8700k: 41000 mips; 41000mips

z-zip d:
9700?: 38000 mips; correct!
8700k: 38000 mips; 39000 mips

Java:
9700?: 567; 470
8700k: 431; 433


MySQL:
9700?: 217k TPS; 160k
8700k: 183k TPS; 157k

Blender:
9700?: 292s; 322s
8700k: 302s; 311s

Cinebench:
9700?: 1528; 1572
8700k: 1438; 1432

Euler 3D
9700?: 37s; 54s
8700k: 56s; 56s

So it looks like the 9700k would edge out on most apps and pull away on some like JAVA. Things to consider are Cache size and latency of the 8-core.

https://w.techpowerup.com/reviews/Intel/Core_i3_8350K/

The results for the 9700k were not nearly as good as these estimates, especially with the 4.7ghz "stock" clocks now.

Clock for clock, I am thinking the 8700k would do better. Actual 9700k numbers shown on right, with updated 8700k numbers. For 720p gaming, the 8700k was about 97% of the 9700k and 98% at 1080p.

Finally there is live streaming performance. We have seen a slow 6/12 destroy a fast 6/6 so it is not a stretch that a fast 6/12 would still be better than a fast 8/8.
The first line of the conclusion is that Intel proves that 8/8 is faster than 6/12. That is definately debatable.
 
The first line of the conclusion is that Intel proves that 8/8 is faster than 6/12. That is definately debatable.

Yeah, it should be, for nearly every workload- and shouldn't be appreciably slower when it's not, but could definitely be faster with eight FPUs versus six on the 8700K in FPU-intensive applications that are well-threaded. That would include some games and content creation workloads I'd think, so the 9700K is perhaps more desirable clock-for-clock for most consumer uses.

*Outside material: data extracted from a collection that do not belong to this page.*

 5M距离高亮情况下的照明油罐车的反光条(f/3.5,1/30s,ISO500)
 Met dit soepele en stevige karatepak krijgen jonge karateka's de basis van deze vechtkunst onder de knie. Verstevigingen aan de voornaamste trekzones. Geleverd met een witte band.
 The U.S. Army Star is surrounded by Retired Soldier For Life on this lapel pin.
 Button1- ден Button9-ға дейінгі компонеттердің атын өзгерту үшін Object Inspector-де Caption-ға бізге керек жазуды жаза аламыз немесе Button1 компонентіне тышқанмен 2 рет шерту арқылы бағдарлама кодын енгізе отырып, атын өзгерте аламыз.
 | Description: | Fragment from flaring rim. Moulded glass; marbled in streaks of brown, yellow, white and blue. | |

Stuff that's heavily multi-threaded that's not FPU-intensive, perhaps compiling (SWAG), might be faster on the 8700K clock-for-clock, but no idea how much.

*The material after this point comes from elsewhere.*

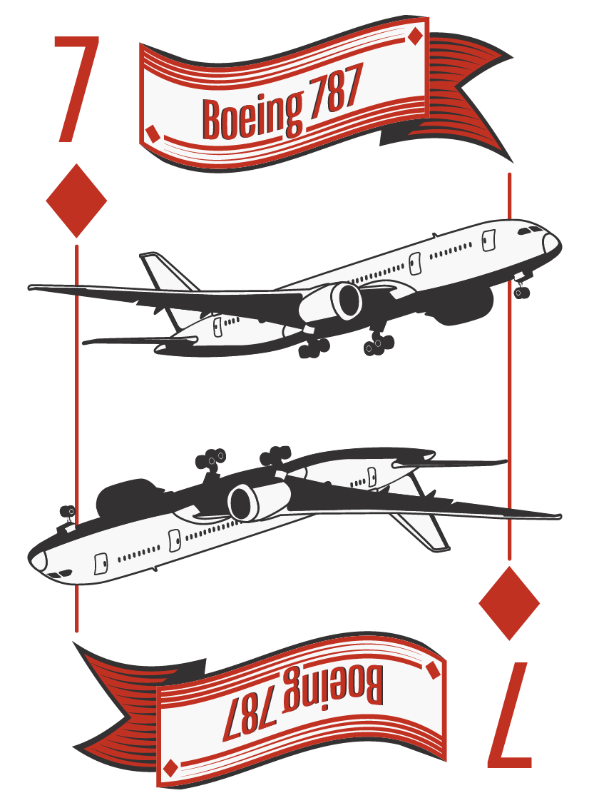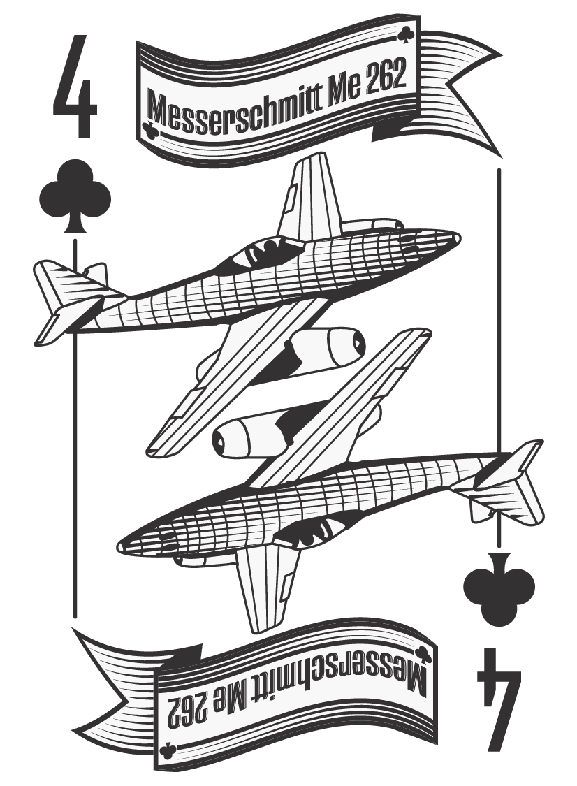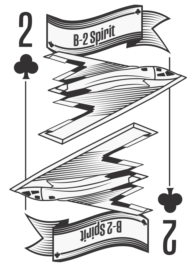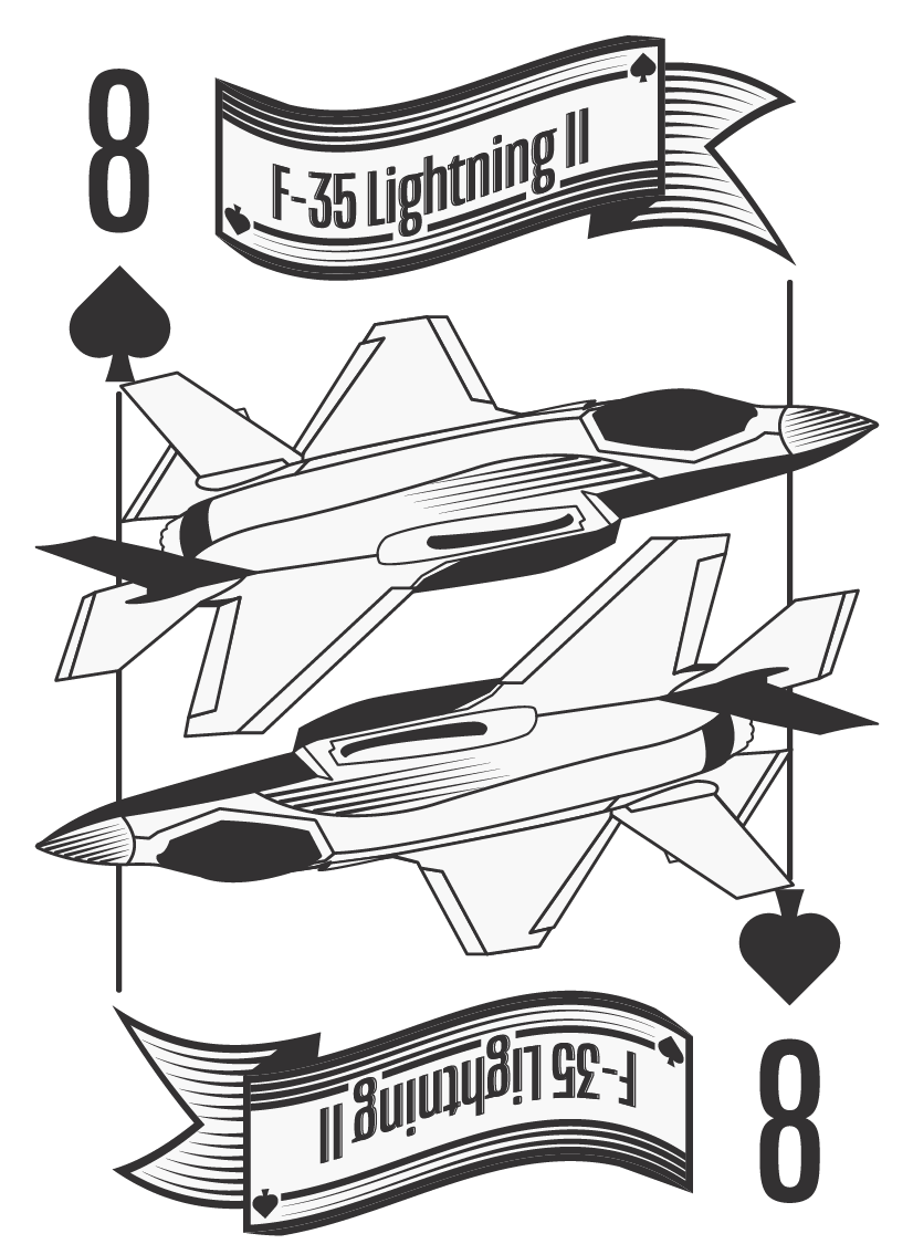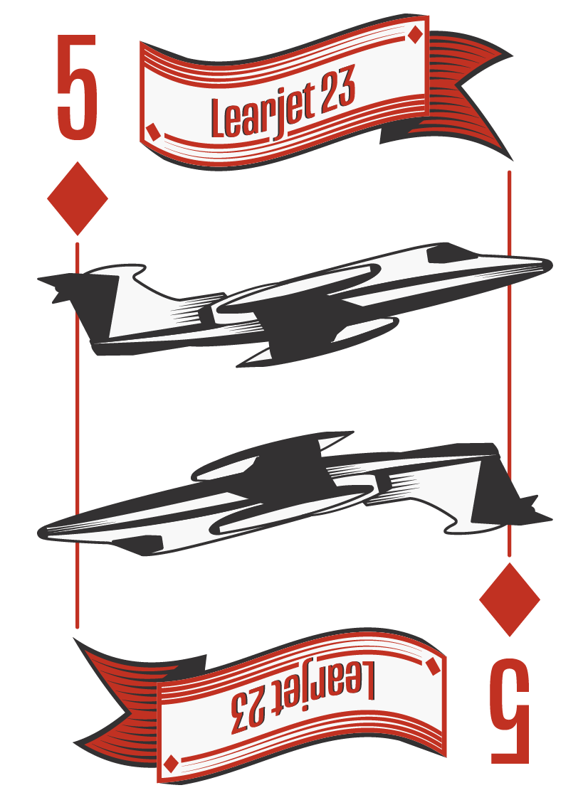 The number cards in this deck feature famous types of planes like the Bell-x1, the first plane to go faster than the speed of sound. Also features the Rutan Voyager, first aircraft to fly around the world without refueling. The face cards feature prominent aviators like Amelia Earhart and the Wright Brothers. The Aces feature exceptional pilots like Bob Hoover.

And generally speaking, the 9700K has a larger die and better solder, so it should be a better out-of-box overclocker too.
 
Yeah, it should be, for nearly every workload- and shouldn't be appreciably slower when it's not, but could definitely be faster with eight FPUs versus six on the 8700K in FPU-intensive applications that are well-threaded. That would include some games and content creation workloads I'd think, so the 9700K is perhaps more desirable clock-for-clock for most consumer uses.

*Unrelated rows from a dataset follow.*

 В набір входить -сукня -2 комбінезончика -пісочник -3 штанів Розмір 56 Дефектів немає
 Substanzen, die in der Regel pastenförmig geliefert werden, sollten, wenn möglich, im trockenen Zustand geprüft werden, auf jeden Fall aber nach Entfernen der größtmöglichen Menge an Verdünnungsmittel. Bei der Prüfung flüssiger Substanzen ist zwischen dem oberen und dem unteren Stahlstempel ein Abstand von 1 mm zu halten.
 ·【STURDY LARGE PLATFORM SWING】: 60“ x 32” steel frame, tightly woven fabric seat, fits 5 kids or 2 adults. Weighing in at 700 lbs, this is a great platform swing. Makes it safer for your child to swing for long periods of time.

Stuff that's heavily multi-threaded that's not FPU-intensive, perhaps compiling (SWAG), might be faster on the 8700K clock-for-clock, but no idea how much.

And generally speaking, the 9700K has a larger die and better solder, so it should be a better out-of-box overclocker too.

The 9700k does seem to clock better, but the 8700k is very close if you delid. Even better if you have an 8086k.

Again, many of the apps did much worse than expected, especially Java and Euler. It is very hard to see where the 9700k is more desirable.
 
The 9700k does seem to clock better, but the 8700k is very close if you delid. Even better if you have an 8086k.

Again, many of the apps did much worse than expected, especially Java and Euler. It is very hard to see where the 9700k is more desirable.

some other synthetic benchmark shows a bit more difference, like around 15-20%
 
Again, many of the apps did much worse than expected, especially Java and Euler. It is very hard to see where the 9700k is more desirable.
some other synthetic benchmark shows a bit more difference, like around 15-20%

But are we talking about actual consumer loads?

I get that synthetics can be representative of actual workloads, but this isn't always the case.
 
But are we talking about actual consumer loads?

I get that synthetics can be representative of actual workloads, but this isn't always the case.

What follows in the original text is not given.